Pour soutenir l’attention et souligner l’importance de ses propos, Delmulle n’hésite d’ailleurs pas, utilisant tous les moyens susceptibles d’aviver l’intérêt des trois juges: ainsi, à un moment, il brandira la mitraillette ERO (retrouvée dans la Lancia véhiculée par Aşoğlu) ; juste plus tard, il tentera de paniquer S. Libert et ses deux assesseurs en se référant à des documents «où le DHKP-C évoque l’importance d’user de la dynamite et de l’uranium (sic)». Comme à Bruges et à Gand, le magistrat va entretenir à volonté la confusion, obligé – pour asseoir sa démonstration – d’évoquer non pas des faits commis en Belgique, mais aux Pays-Bas et en Allemagne. Ainsi fera-t-il référence aux «trafics d’héroïne, via une firme de transport international liée au DHKP-C» (une histoire-bidon de financements occultes, intentionnellement travestie par ce faussaire en magistrature). Ou s’appesantira sur plusieurs dizaines de photos où «on voit clairement d’ex-militants ayant été exécutés par l’organisation» (alors qu’ici aussi J. Delmulle refuse de faire une critique exhaustive des documents qu’il produit)…

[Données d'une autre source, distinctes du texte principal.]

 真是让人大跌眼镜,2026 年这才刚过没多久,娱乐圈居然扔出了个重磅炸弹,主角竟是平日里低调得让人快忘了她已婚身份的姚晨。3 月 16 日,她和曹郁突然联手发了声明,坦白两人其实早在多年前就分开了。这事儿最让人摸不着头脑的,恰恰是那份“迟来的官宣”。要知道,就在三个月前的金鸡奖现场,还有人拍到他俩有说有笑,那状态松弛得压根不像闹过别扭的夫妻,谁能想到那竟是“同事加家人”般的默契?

Revenant évidemment sur la qualification de «dirigeants d’une organisation terroriste» (incrimination portée à l’encontre d’Aşoğlu et de Kimyongür), c’est encore le même Delmulle qui trahira (comme à Bruges, comme à Gand) le contexte réel dans lequel s’était passée la fameuse conférence de presse du 28 juin 2004 à Bruxelles : «Non, c’est de leur propre initiative qu’Aşoğlu et Kimyongür ont distribué ce jour-là aux journalistes présents un communiqué du DHKC revendiquant un attentat»…

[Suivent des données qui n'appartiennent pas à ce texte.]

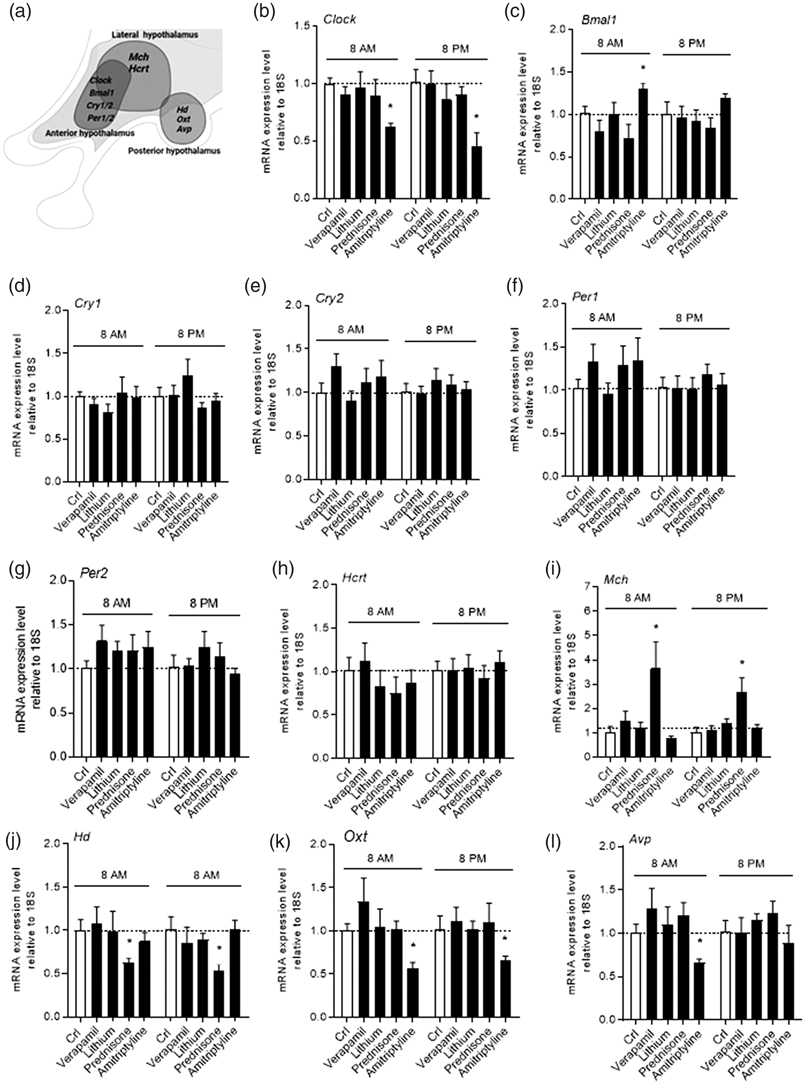 Effects of verapamil, lithium, prednisone, and amitriptyline on gene transcripts involved in hypothalamic chronobiology. The hypothalamic regions (anterior, lateral and posterior) analysed and the respective genes is shown in (a). The impact of a chronic (15 days), oral treatment with verapamil (3.4 mg/kg, three times per day), lithium carbonate (13 mg/kg, three times per day), prednisone (3 mg/kg) or amitriptyline (1 mg/kg) on transcript levels of

En réalité, cette conférence de presse n’avait jamais cessé d’être parasitée par les interventions pressantes et répétitives d’un des «journalistes» présent sur place, interpellant sans cesse les organisateurs sur un tout autre sujet que le Sommet de l’OTAN ayant lieu le même week-end à Ankara. Sur une cassette-vidéo où est enregistrée toute la scène (cassette diffusée devant les juges de la Cour d’Appel de Gand), on voit d’ailleurs Musa Aşoğlu (l’un des deux porte-parole de la conférence) être interrompu à plusieurs reprises, en cours d’exposé, par ce «reporter» turc à propos de l’attentat raté. «Nous ne sommes pas ici pour cela, mais pour parler de Resistanbul»: sont exemptes de toute ambiguïté la réponse d’Aşoğlu au journaliste singulièrement insistant et la traduction par Bahar de certains passages du communiqué (tels que lus par Aşoğlu), où le DHKP-C prend l’entière responsabilité de la tragédie, s’en excuse auprès de l’opinion et des parents des victimes. Dans pareil contexte, où les deux protagonistes expressément sollicités ne pouvaient se dérober à l’insistance d’un prétendu journaliste turcophone, il est donc parfaitement malhonnête de continuer à affirmer (à l’égal du magistrat fédéral) qu’Aşoğlu ou Kimyongür auraient décidé «de leur propre initiative» de «lire», traduire et distribuer le fameux communiqué à la presse. Précision importante, le nom du journaliste impétrant : Mehmet Özdemir…

Dernier cador de la journée du vendredi ? Kris Vinck. L’avocat de la partie turque. Pour trois-quarts d’heure à charge du DHKP-C et des prévenus. Deux effets de manche, parmi beaucoup d’autres : quand pour émouvoir le tribunal, Vinck a comparé le multimilliardaire Ö. Sabancı (dont la Justice soupçonne F. Erdal d’avoir participé à l’exécution) au vicomte Davignon ; ou quand il a révélé que le DHKP-C n’hésitait pas à s’en prendre à des juges abhorrés.